In August 1999, it was reported that due to Brownless' connections in the local political scene, both the Australian Labor Party (ALP) and the ruling Liberal Party of Australia were keen to recruit Brownless into politics, despite his limited experience. Labor leader Steve Bracks, who would go on to win the state election that year, was a Geelong supporter, and Brownless had persuaded the then Premier Jeff Kennett's wife, Felicity, to become Geelong's female number one ticket holder.

By 2005, Brownless had featured on The Sunday Footy Show as well as earning continual appearances on The Footy Show. He also co-hosted Morning Glory, a weekday breakfast show on Melbourne radio station SEN 1116. Brownless finished his 5-day-a-week stint in November 2008. Brownless appeared on Before the Bounce, a weekly football show on Foxtel alongside Jason Dunstall and Danny Frawley until the end of the 2008 AFL season.

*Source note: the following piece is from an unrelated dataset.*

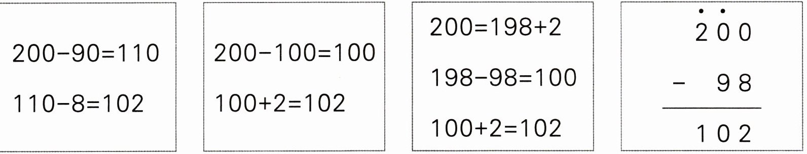 2. [新趋势·算理探究]计算“200 - 98”,下面 4 种方法中正确的有( )种。
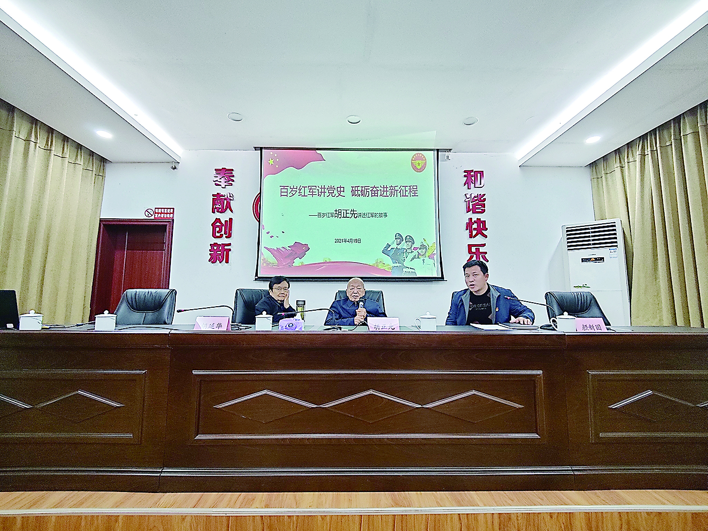 株洲日报·掌上株洲讯(记者/邱鹏 通讯员/谭龙伟) “我是一名有83年党龄的老共产党员了……”4月19日上午,在石塘冲军休所学习室内,103岁老红军胡正先给市退役军人事务局全体党员干部、职工讲党史、上党课。

In May 2008, Brownless was added as a regular on the Thursday night AFL Footy Show to replace an incapacitated Sam Newman, but he was relegated to guest panelist upon Newman's return. From 2009 until the show's termination in 2019, Brownless had once again become a regular alongside Shane Crawford to replace Trevor Marmalade, alternating each week with Crawford and, since 2012, Matthew Lloyd.

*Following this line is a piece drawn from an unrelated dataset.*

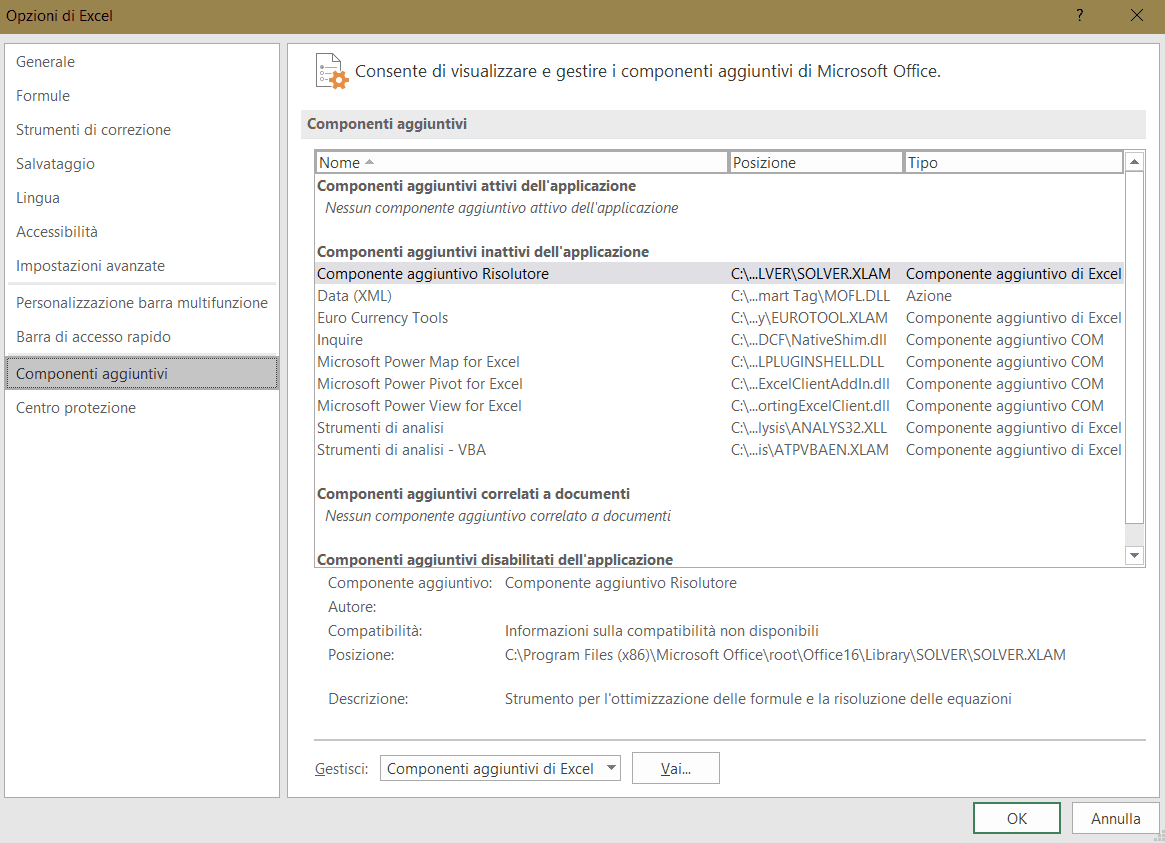Un altro passo è quello di verificare i componenti aggiuntivi attivi da Opzioni > Componenti Aggiuntivi (applicare stessa procedura anche per Componenti Aggiuntivi COM) e vedremo la seguente schermata:

In March 2010, Brownless joined Triple M Melbourne's new drive show The Rush Hour with James Brayshaw.

Brownless bought the Cumberland Hotel in Castlemaine, Victoria. He also owns the Cremorne Hotel in Newtown, Victoria

In January 2020, Brownless appeared in the sixth season of the Australian version of I'm a Celebrity...Get Me Out of Here!.

In September 2021, Brownless announced he was leaving The Sunday Footy Show and the Nine Network after 27 years with the network.

==Personal life==
Brownless was married to ex-wife Nicky for 18 years. They have two daughters and two sons. The couple made headlines in 2016 after it came to light that, after 18 years of marriage, they had separated in late 2015, and that Nicky had gone on to have a relationship with one of Brownless's colleagues, Garry Lyon. The relationship caused a bitter falling-out between Brownless and Lyon, causing Lyon to leave The Footy Show.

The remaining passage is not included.